Forgive me the name. I remember many a cake being called this in the 80s, mostly on chain pub menus. Not sure I ever felt those mass produced, icy cold, spongey (as in sea sponge, not sponge cake) textured cakes lived up to the hype though. I recently tried the choc cake at Nando’s and well, it’s probably one of the best chain restaurant cakes I’ve ever tasted.* I helped my son eat a portion, as in I ate 85% of the slice.
This chocolate cake is light and tender, leading you into a false expectation of a not too chocolately hit. Then the ganache filling and icing hits you and it’s time to sit down, cram the rest into your mouth and maybe have a glass of milk to counter the effects of the richness. I decorated this particular cake rather conservatively as it was a gift for a friend. If I were decorating it for myself I’d cover the entire thing in chopped up chocolate bars and Smarties. Then I’d sit down with a large fork and dive straight in…
*No, Nando’s haven’t paid me to say that, however if they would like to give me a free slice of cake every now and again I’d be very much up for that. I have elasticated trousers ready should such an occasion arise.
150g castor sugar
175g margarine/butter at room temperature
150g plain flour
3 large eggs at room temperature
1 tsp bicarbonate of soda
2 tsp cream of tartar
30g cocoa powder
1 tbsp vanilla extract
35g Greek yoghurt
300mls double cream
200g dark and 100g milk chocolate, broken into squares
Chocolate bar(s) of your choice
Preheat the oven to Gas 4/180C. Butter and line two tins with greaseproof paper. I used 8.5 inch wide ones. Cream together the sugar and butter/margarine until light and fluffy. I use an electric hand mixer for this. Scrape down the bowl and add in the flour, eggs, bicarb of soda, cream of tartar, cocoa powder, vanilla extract and Greek yoghurt. Whizz up for about 4 minutes with the handheld mixer until all combined, light and fluffy.

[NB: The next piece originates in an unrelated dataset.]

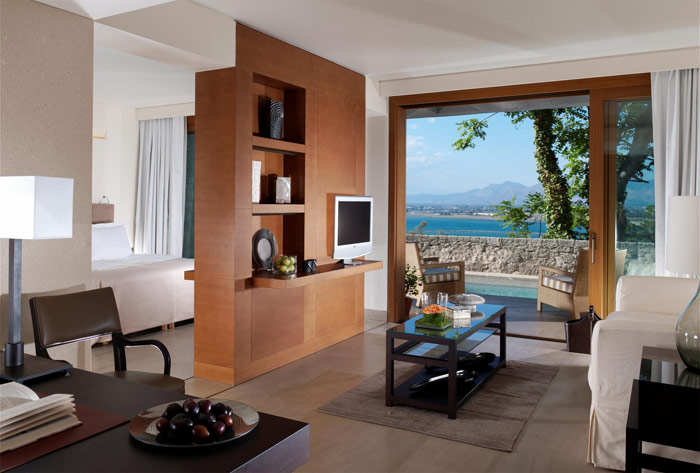 Deluxe Hotel Suites with Panoramic Sea View (75 кв. м) - состоит из спальни, отдельной гостиной, отделанной мрамором ванной комнаты с отдельной туалетной комнатой, двух балконов, откуда открывается великолепный вид на море и венецианскую крепость Bourtzi. Расположены в главном здании отеля. Макс. 4 человека.
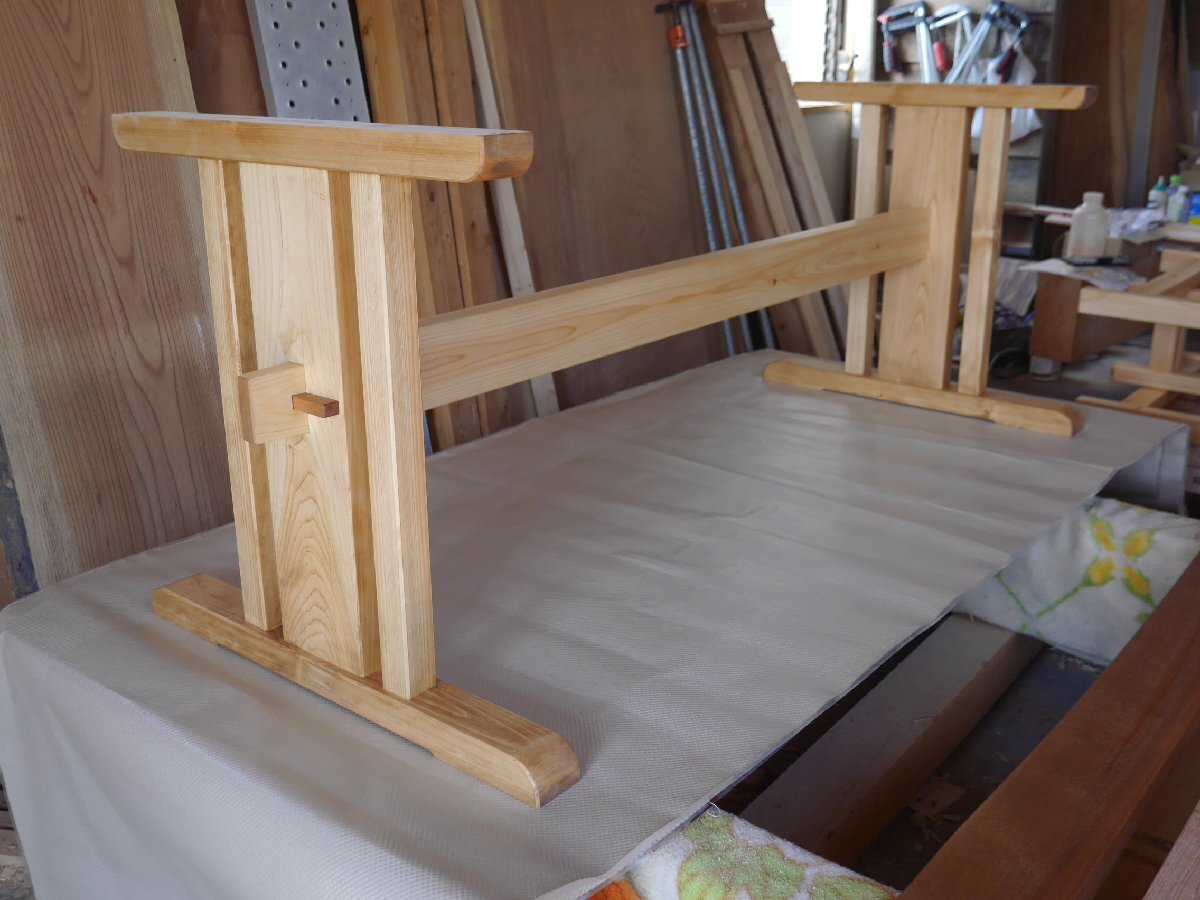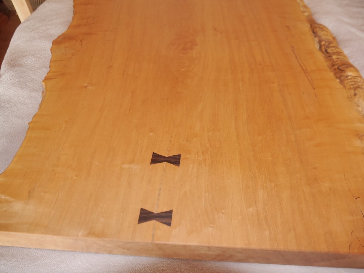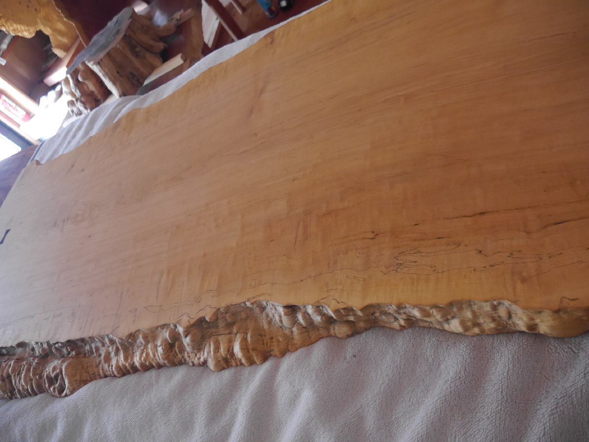 イタヤカエデ無垢一枚板 サイズ 長さ 200センチ・ 幅 74~67~58センチ・ 板厚 55ミリ 高さ約70センチ天然オイル仕上げ、ヒノキ製脚付 (耐震マット・脚フェルト・お手入れ用オイル・サービス)富山県産の樹齢300年のイタヤカエデ玉杢の天然乾燥板を使用しています。幅が狭い分、長い方が良いので、割れた部分を切らずに、黒檀のチギリを入れて製作しました。イタヤカエデは、乾燥途中に狂う物が多いのですが、この木は、それが無かったので、木の質が良い物でした。イタヤカエデは、硬くて緻密なので、テーブルには良い木です。一枚板テーブルは、自然が作った物なので、実物をご確認する事をおすすめしています。大きな物なので、搬入経路をご確認ください。2階以上に、上げる作業は、別途請求とさせて頂きます。なお、作業場に併設した店舗でも販売していますので、品切れの際は何卒ご容赦ください。

Divide the mixture between the two cake tins and level with the back of a spoon. Bake in the oven for 30 minutes. Once the cakes are ready they should be well risen (one may have cracked a little – worry not) and a toothpick should come out of the centre of the cakes clean. Leave to cool for ten minutes in their tins, then transfer to a wire rack to cool completely.
Make the chocolate ganache, pop the cream into a saucepan and heat until it starts to bubble, remove from the heat, then add the chocolate and stir, stir, stir until the mixture is completely molten and without any chocolate lumps showing. Leave to cool until the mixture has thickened, (this takes a couple of hours at room temp, you can pop in the fridge but the ganache may lose its shine) then spoon about two large tablespoons onto one of the cakes already secured to the cake board with a tiny bit of ganache . Spread evenly, though not all the way to the edges, possibly add a little more if you wish, then place the other cake on top.
Add the rest of the ganache to the top and then decorate with chopped up chocolate bar(s). Leave to set. Eat or give to people you love.